Attention & Transformers#

Scaled Dot-Product Attention#

Given queries $Q$, keys $K$, values $V$:

$$\text{Attention}(Q, K, V) = \text{softmax}!\left(\frac{QK^\top}{\sqrt{d_k}}\right) V$$

$Q \in \mathbb{R}^{n \times d_k}$, $K \in \mathbb{R}^{m \times d_k}$, $V \in \mathbb{R}^{m \times d_v}$
Division by $\sqrt{d_k}$ prevents softmax saturation in high dimensions
Output: weighted sum of values, weights = similarity(query, key)

Complexity: $O(n^2 d)$ time and memory in sequence length $n$.

Run $h$ attention heads in parallel, concatenate outputs:

$$\text{MultiHead}(Q, K, V) = \text{Concat}(\text{head}_1, \ldots, \text{head}_h), W^O$$

$$\text{head}_i = \text{Attention}(QW_i^Q,, KW_i^K,, VW_i^V)$$

Each head learns different aspects of relationships. Typical: $h = 8$–$32$ heads, $d_k = d_\text{model}/h$.
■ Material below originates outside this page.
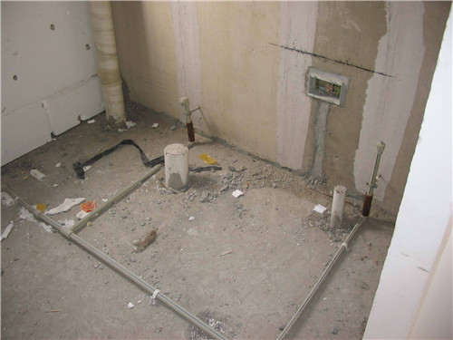 将厕所的墙面和地面进行找平后,要对其进行仔细的清理,避免遗留下其他装修杂质,从而影响卫生间防水层的效果,降低其防水作用。同时,检查其下水管道、排水管道内是否存有杂物,若有也一并清理干净,否则很容易造成厕所堵塞的问题。

x = x + MultiHeadAttention(LayerNorm(x))   # residual + attention
x = x + FFN(LayerNorm(x))                  # residual + feed-forward

FFN = Linear($d_\text{model} \to 4d_\text{model}$) → GELU → Linear($4d_\text{model} \to d_\text{model}$)

Pre-norm (shown above) is more stable than post-norm for deep models.

Attention is permutation-invariant — need to inject position info.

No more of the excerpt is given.